Ancak bu, Batı ile gergin bağların Hindistan’a zarar vermeyeceği anlamına mı geliyor? O olacak. Tabii ki olacak. İşte bu yüzden Hindistan’ın küresel jeopolitik kaygılar konusundaki uyumsuzluk pozisyonunun Hindistan’a ve ileriye dönük çıkarlarına zarar vermesi muhtemeldir. Hindistan’ın Pekin’i kontrol altına almak için Moskova’nın desteğine olduğu kadar Batı’nın desteğine de ihtiyacı var.
Halk, Hindistan hükümetinin çatışmadaki konumunun ne olması konusunda ikiye bölünmüş durumda. Önemli bir kısım, Rusya ile olan bağlarımıza rağmen Hindistan’ın şu anda Ukrayna için ayağa kalkması gerektiğine inanıyor. Ancak, çatışma zamanlarında Pakistan’a ara sıra yapılan Amerikan yardımını ve hatta Ukrayna’nın Birleşmiş Milletler’de Hindistan’a karşı önceki oylamasını eleştiren bazıları, Hindistan’ın Rusya’nın yanında durması gerektiğini iddia ediyor.
Jeopolitik manevranın yanı sıra Hindistan, Ukrayna’da mahsur kalan 16.000 Hint vatandaşıyla -çoğunluğu öğrencilerle- ilgileniyor.
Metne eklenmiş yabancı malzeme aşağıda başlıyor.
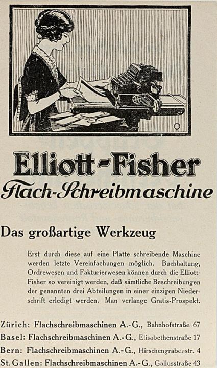 Werbeanzeige für Buch-Schreibmaschine Elliott-Fisher monochrom

Dünkü Kabine toplantısında Başbakan Modi, Yeni Delhi’nin en büyük önceliğinin şimdi Hintli öğrencileri güvenli bir yere tahliye etmek olduğunu söyledi. Dışişleri Bakanı, savaş başkent Kiev’e yaklaştıkça onları ülkeden tahliye etmeye yardımcı olmak için komşu Macaristan, Romanya, Slovakya ve hatta Ukrayna hükümetleriyle temas halinde olduklarını duyurdu.
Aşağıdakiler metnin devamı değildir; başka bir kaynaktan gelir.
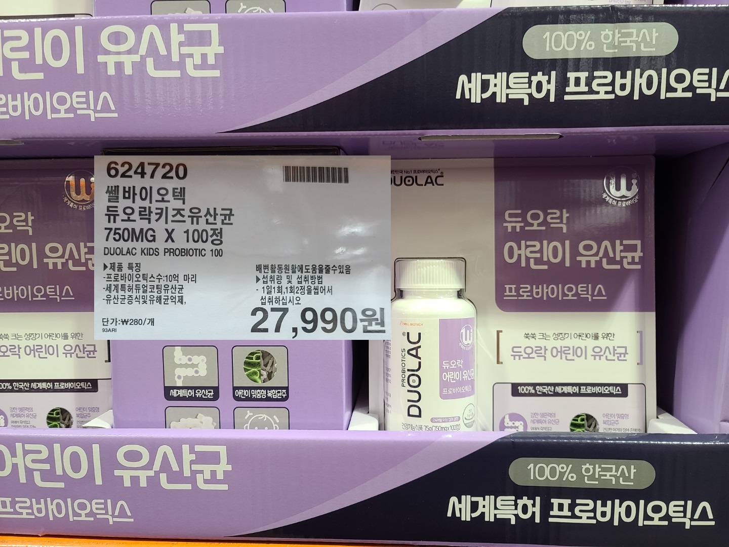 14. 쎌 바이오텍 듀오락 키즈 유산균 750mg X 100정

Hindistan, Batı yaptırımlarına katılacak mı? Hindistan, Rusya ile S-400 anlaşmasını iptal edecek mi? Hindistan Moskova’yı açıkça kınayacak mı? Hindistan’ın tüm bu sorulara vereceği yanıtlar, Yeni Delhi, jeopolitik gücü ve elbette Moskova ve Batı ile ilişkilerin gelecekteki seyri için bir sınav olacak. Neredeyse ateşin üzerinde yürümek gibi.